Pub. L. 105–115, title I, § 125(d), Nov. 21, 1997, 111 Stat. 2326, provided that:

“(1) In general.—
An application that was approved by the Secretary of Health and Human Services before the date of the enactment of this Act [Nov. 21, 1997] for the marketing of an antibiotic drug under section 507 of the Federal Food, Drug, and Cosmetic Act (21 U.S.C. 357), as in effect on the day before the date of the enactment of this Act, shall, on and after such date of enactment, be considered to be an application that was submitted and filed under section 505(b) of such Act (21 U.S.C. 355(b)) and approved for safety and effectiveness under section 505(c) of such Act (21 U.S.C. 355(c)), except that if such application for marketing was in the form of an abbreviated application, the application shall be considered to have been filed and approved under section 505(j) of such Act (21 U.S.C. 355(j)).
“(2) Exception.—The following subsections of section 505 (21 U.S.C. 355) shall not apply to any application for marketing in which the drug that is the subject of the application contains an antibiotic drug and the antibiotic drug was the subject of any application for marketing received by the Secretary of Health and Human Services under section 507 of such Act (21 U.S.C. 357) before the date of the enactment of this Act [Nov. 21, 1997]:
“(A)
(i)
Subsections (c)(2), (d)(6), (e)(4), (j)(2)(A)(vii), (j)(2)(A)(viii), (j)(2)(B), (j)(4)(B), and (j)(4)(D); and
“(ii)
The third and fourth sentences of subsection (b)(1) (regarding the filing and publication of patent information); and
“(B)
Subsections (b)(2)(A), (b)(2)(B), (b)(3), and (c)(3) if the investigations relied upon by the applicant for approval of the application were not conducted by or for the applicant and for which the applicant has not obtained a right of reference or use from the person by or for whom the investigations were conducted.
“(3) Publication.—
For purposes of this section, the Secretary is authorized to make available to the public the established name of each antibiotic drug that was the subject of any application for marketing received by the Secretary for Health and Human Services under section 507 of the Federal Food, Drug, and Cosmetic Act (21 U.S.C. 357) before the date of enactment of this Act [Nov. 21, 1997].”
Termination of Advisory Panels

Advisory panels established after Jan. 5, 1973, to terminate not later than the expiration of the 2-year period beginning on the date of their establishment, unless, in the case of a panel established by the President or an officer of the Federal Government, such panel is renewed by appropriate action prior to the expiration of such 2-year period, or in the case of a panel established by Congress, its duration is otherwise provided for by law. See sections 3(2) and 14 of Pub. L. 92–463, Oct. 6, 1972, 86 Stat. 770, 776, set out in the Appendix to Title 5, Government Organization and Employees.
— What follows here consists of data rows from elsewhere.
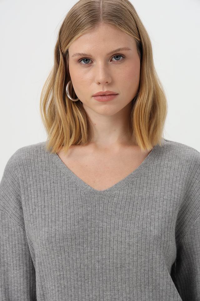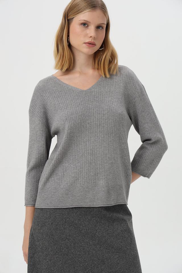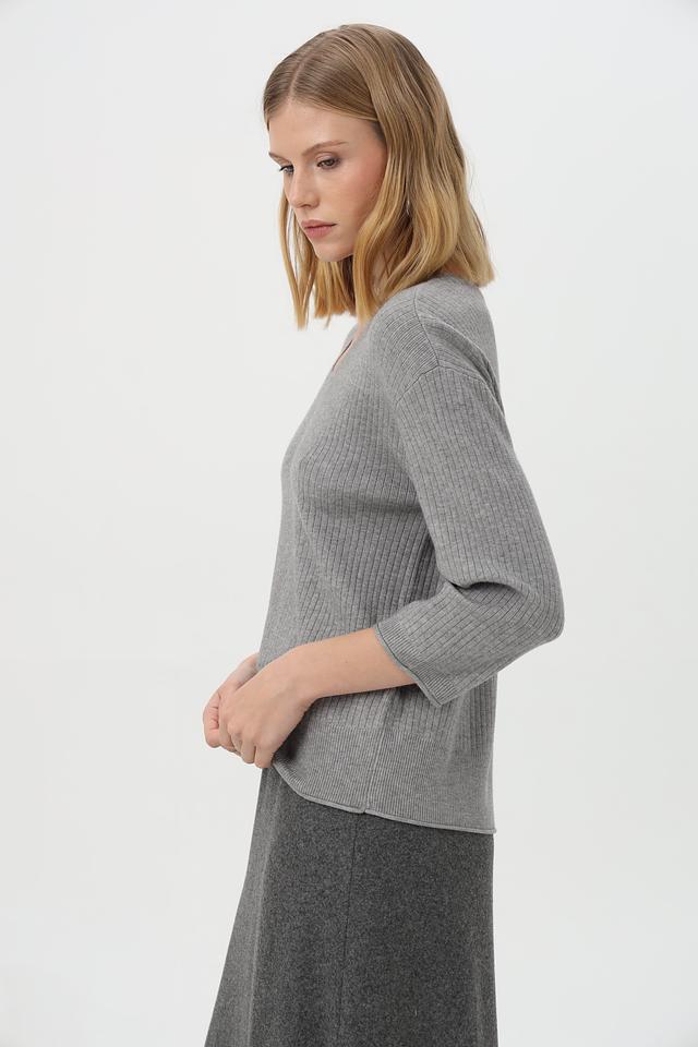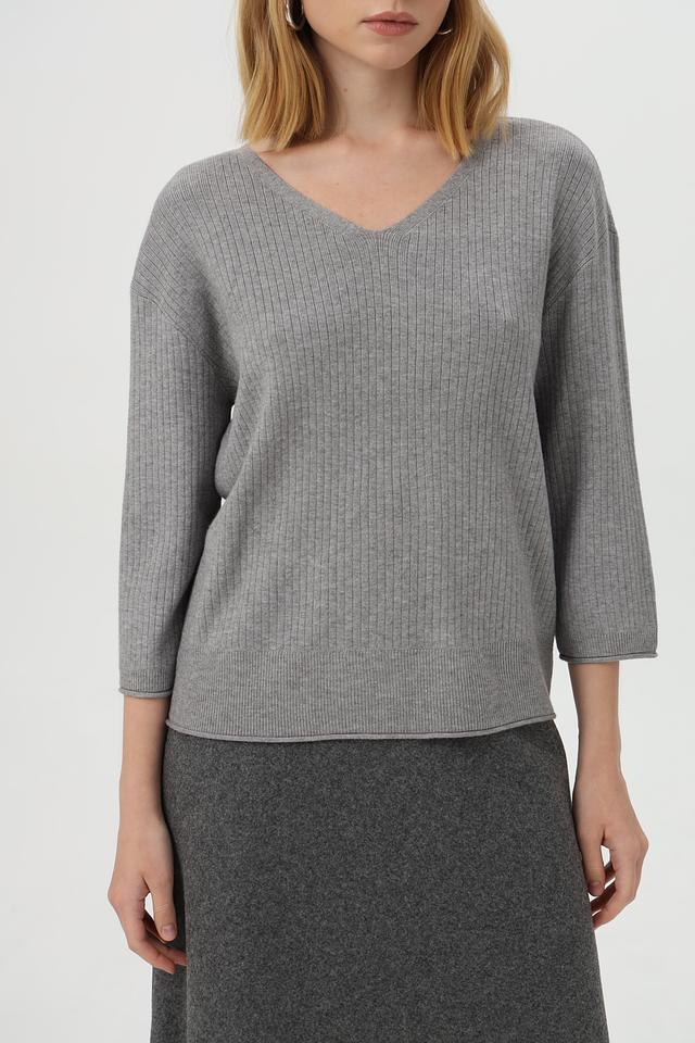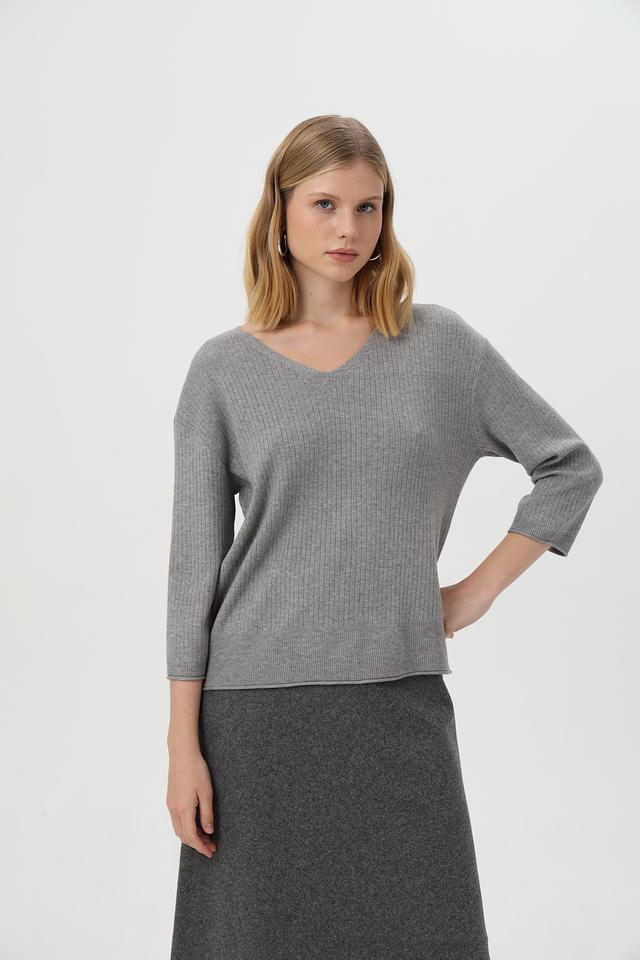 Пуловер имеет V-образный вырез, который визуально удлиняет шею и делает образ более изящным. Рукав три четверти добавляет женственности и подходит для любого времени года.
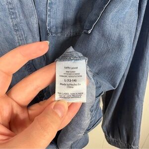Time & Tru Chambray Denim Lightweight Button Down Toggle Tie Shirt Large L 12 14
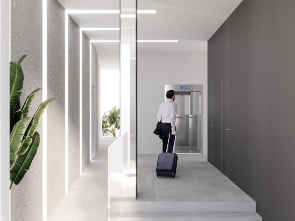 • wygodne połączenie na dach windą i schodami
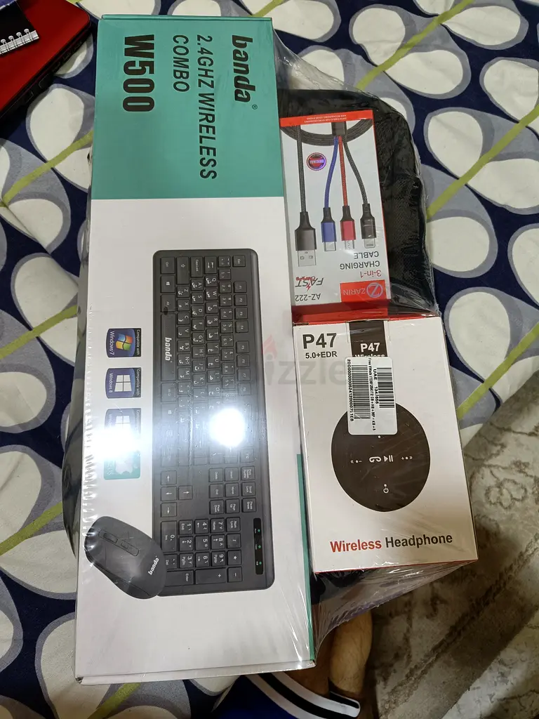 I'm selling this fantastic combo that includes a brand new wireless keyboard and mouse, a stylish wireless headphone, and a 3-in-1 charging cable, all conveniently packed in a stylish backpack. The condition is flawless, and I've never actually used any of the items. Each component is still in its original packaging, ensuring you get everything just as it was when purchased. This set is perfect for anyone looking to upgrade their tech setup with top-notch accessories.

Appeals Taken Prior to October 10, 1962

Pub. L. 87–781, title I, § 104(d)(3), Oct. 10, 1962, 76 Stat. 785, made amendments to subsec. (h) of this section inapplicable to any appeal taken prior to Oct. 10, 1962.

Executive Documents
Transfer of Functions

For transfer of functions of Federal Security Administrator to Secretary of Health, Education, and Welfare [now Health and Human Services], and of Food and Drug Administration in the Department of Agriculture to Federal Security Agency, see notes set out under section 321 of this title.